Melissa Price Kromm, director of NC Voters for Clean Elections, said a loose statewide coalition of groups has been working to pass the resolutions, and said people in Charlotte, New Bern and Wilmington are planning similar efforts. The resolutions reject the notion of corporate personhood and proponents hope it will create a groundswell for a constitutional amendment.

“Corporate money may be spent limitlessly to influence elections… thereby diluting the power of the people,” the Asheville resolution reads. “[T]he city council… calls on our elected representatives in the United States Congress to initiate the process to amend the Constitution of the United States to abolish corporate personhood.”

Abuzuaiter said she hopes to sit down with other council members to discuss the initiative in the next several weeks and bring it up for a vote in September.

“What caught my attention is how many cities have already passed it,” said Abuzuaiter, who said she didn’t have a feel for how a vote would break down. “Anything that constituents bring before council should certainly be considered and talked about and researched. This is what I was elected for. I believe this makes a strong statement that we would like as best we can to keep our elections clear and free of corporate influence.”

Occupy Winston-Salem members have collected 800 signatures in support of a resolution, and with a goal of 1,000 they hope it will be on council’s agenda by the end of August. Tony Ndege said a resolution would be a good way to get the word out to the public, especially because the ultimate goal is a Constitutional amendment.

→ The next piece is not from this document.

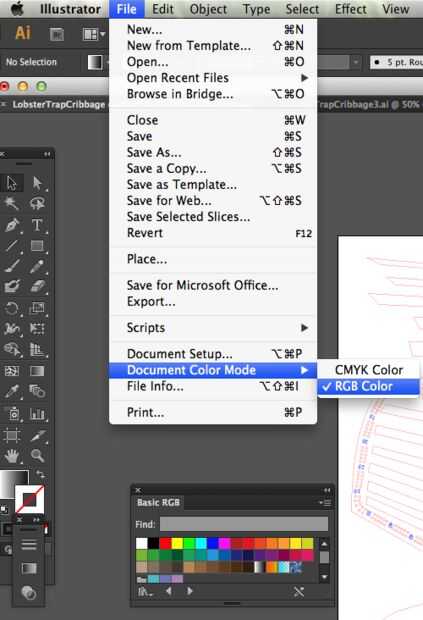 Lo primero que quieres hacer es asegurarse de que todas las líneas y las medidas están en pulgadas. En segundo lugar, asegúrese de que el modo de color es RGB para el documento. Y al elegir colores/muestras a utilizar RGB básico, esto facilita la exportación y leer/manipulado por el software del láser. Todas las líneas incluyendo movimientos de texto necesitan ser 0.001. pulg. con el fin de ser leído por el láser. Dependiendo del láser y el programa que usas puede no reconocer una amplia paleta de colores. * Conocer a su láser *
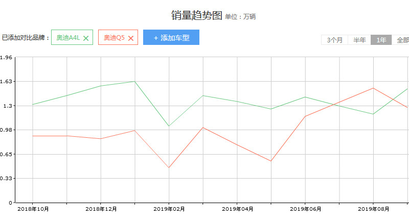 高档车销量包括奔驰,宝马,奥迪里的基础款,这三个品牌的基础款价格大幅下降,是增长的因素之一。当然无论是A4L还是Q5也好,豪华品牌的总销量与同级合资车相比还是有很大差距的,上面的数据也并没有明显指明豪华品牌车型销量即将超越同级别的合资车,只是增长势头在车市低迷的环境下反超而已。

“The wording of the Constitution has been manipulated to give corporations personhood rights and it’s pretty egregious because they have unlimited resources… they can’t die, they can’t be jailed,” Ndege said. “There are these entities that are almost invincible that are given the same rights as everyday people.”

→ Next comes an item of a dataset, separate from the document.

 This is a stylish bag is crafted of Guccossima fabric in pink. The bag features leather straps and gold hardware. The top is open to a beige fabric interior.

A number of Greensboro council members said they didn’t feel like a resolution was a good use of council’s time.

“This is a distraction,” Mayor Robbie Perkins said. “I don’t care if we have a resolution. To me it’s just another item to distract us from what should be our focus. This is not a widespread movement to do this.”

Perkins said he wasn’t sure how he would vote if the resolution came up, adding that he would need to read more about the issue but that it was not on his to-do list.

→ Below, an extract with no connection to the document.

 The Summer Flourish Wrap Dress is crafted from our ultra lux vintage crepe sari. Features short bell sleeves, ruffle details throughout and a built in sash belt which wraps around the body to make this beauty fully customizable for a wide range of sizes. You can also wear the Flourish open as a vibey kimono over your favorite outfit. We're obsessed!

“I don’t see any benefit to it,” District 3 Councilman Zack Matheny said. “We’ve got a lot of our own issues and this doesn’t seem to be a very council-related issue.”

Winston-Salem Southwest Ward Councilman Dan Besse said he felt similarly.

“I don’t think you can expect to see the Winston-Salem council pass a resolution on that matter,” said Besse, who added that council avoids public commentary resolutions. “It’s not a city business-related issue. I think they’re right on the issue. It’s just a matter of trying to be consistent.”

Besse agreed with Occupy Winston-Salem members that Citizens United has been detrimental to democracy, but that it wasn’t the best or appropriate use of council’s time to take up the issue.

“[Citizens United] represents a terrible and mistaken decision that I hope will be overturned in the future by a subsequent and more balanced court,” said Besse, who is a lawyer. “It effectively eliminates our society’s ability to reduce the corrupting effects of unlimited, hidden financing for political campaigns.”

Kim Porter said Occupy Winston-Salem held a teachin on Citizens United and corporate personhood earlier in the month that drew 45 people.

“What’s good for corporations is not necessarily good for we the people, and a lot of the things corporations are pushing for have very negative consequences for us,” Porter said. “For example, look at fracking. I believe the lawmakers should be representing the interests of the 99 percent and not the 1 percent.”

Carrano expressed similar sentiments. “Big money is gobbling up everything.” she said.

“It’s a no-brainer; corporations aren’t people and they shouldn’t have amendment rights like people. It’s a scary big thing, but if we don’t start somewhere we won’t get anywhere.”

Some Greensboro council members saw the issue more favorably, pointing out that other major cities in the state and hundreds in the nation have passed similar resolutions.

“If it’s something that is a concern to people in our city I don’t see why we can’t take a stand,” at-large Councilwoman Nancy Vaughan said, likening it to council’s stance against the marriage amendment. “I would have a tendency to support the resolution but I would have to look into it a little more. I think people across party lines don’t think it’s been a good thing.”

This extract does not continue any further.